King County has long been an exception, however, because of the popularity of Medic One and the fear that people might not support the highly acclaimed emergency response service if they are also paying for non-emergency ambulance service, he said. What’s more, King County has plenty of private ambulance companies that can handle the basic life support calls for a fee, he said.
But that’s beginning to change as some of the small cities and towns within King County grow and find their fire departments are handling a growing number of basic life support calls, Zegers said. Maple Valley’s fire department, for instance, just began billing for such services, he said.
“Everyone else wants to step back and let others be the first ones to charge,” Zegers said. “But now it’s really beginning to happen” in King County.
Within Vashon’s fire commission, the one opponent to the plan is Commissioner Gayle Sommers, who said she has already asked for the resolution to be reconsidered at the commission’s next meeting. Like Lamb, she believes it doesn’t look good to begin charging shortly after the one private company went out of business.

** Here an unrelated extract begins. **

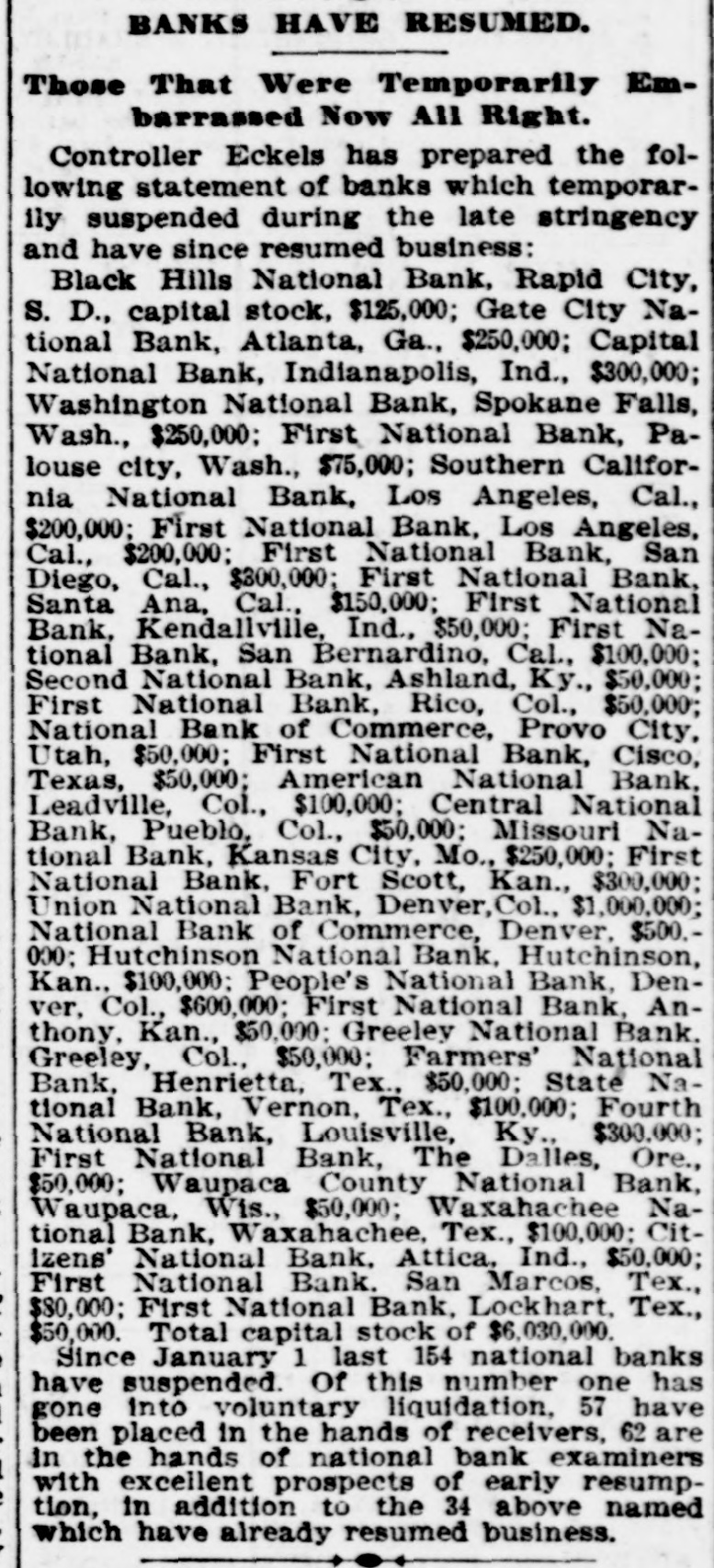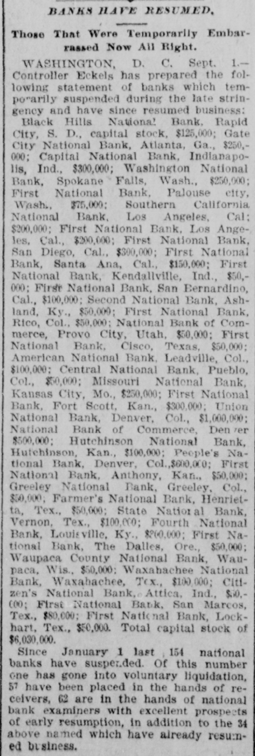 BANKS HAVE RESUMED. Those That Were Temporarily Embarrassed Now All Right. WASHINGTON, D. C. Sept. 1.Controller Eckels has prepared the following statement of banks which temporarily suspended during the late stringency and have since resumed business: Black Hills National Bank, Rapid City, S. D., capital stock, $125,000; Gate City National Bank, Atlanta, Ga., $250,000; Capital National Bank, Indianapolis, Ind., $300,000; Washington National Bank, Spokane Falls, Wash., $250,000; First National Bank, Palouse city, Wash., $75,000: Southern California National Bank, Los Angeles, Cal: $200,000; First National Bank, Los Angeles, Cal., $200,000; First National Bank, San Diego, Cal., $300,000; First National Bank, Santa Ana, Cal., $150,000; First National Bank, Kendallville, Ind., $50,000; First National Bank, San Bernardino, Cal., $100,000; Second National Bank, Ashland, Ky., $50,000; First National Bank, Rico, Col., $50,000; National Bank of Commerce, Provo City, Utah, $50,000; First National Bank, Cisco, Texas, $50,000; American National Bank, Leadville, Col., $100,000; Central National Bank, Pueblo, Col., $50,000; Missouri National Bank, Kansas City, Mo., $250,000; First National Bank, Fort Scott, Kan., $300,000; Union National Bank, Denver, Col., $1,000,000; National Bank of Commerce, Den ver $500,000; Hutchinson National Bank, Hutchinson, Kan., $100,000; People's National Bank, Denver, Col.,$600,000; First National Bank, Anthony, Kan., $50,000; Greeley National Bank, Greeley, Col., $50,000; Farmer's National Bank, Henrietta, Tex., $50,000; State National Bank, Vernon, Tex., $100,000; Fourth National Bank, Louisville, Ky., $200,000; First National Bank, The Dalles, Ore., $50,000; Waupaca County National Bank, Waupaca, Wis., $50,000: Waxabachee National Bank, Waxabachee, Tex., $100,000; Citizen's National Bank, Attica, Ind., $50,000; First National Bank, San Marcos, Tex., $80,000; First National Bank, Lockhart, Tex., $50,000. Total capital stock of $6,030,000. Since January 1 last 154 national banks have suspended. Of this number one has gone into voluntary liquidation, 57 have been placed in the hands of receivers, 62 are in the hands of national bank examiners with excellent prospects of early resumption, in addition to the 34 above named which have already resumed business.

“Now all of a sudden the fire district doesn’t have any competition, so we’re free to charge because we’re a monopoly?” she said, sounding a note of incredulity.
She said she also worries about the impact this could have on people who are uninsured and low-income or those who may not realize the costs will be covered by their insurance companies.
“It may cause people to think twice about calling 911,” she said.
What’s more, Sommers said, it’s possible insurance premiums could go up due to rising ambulance fees.
“And there are already an awful lot of people who are uninsured on Vashon,” she said.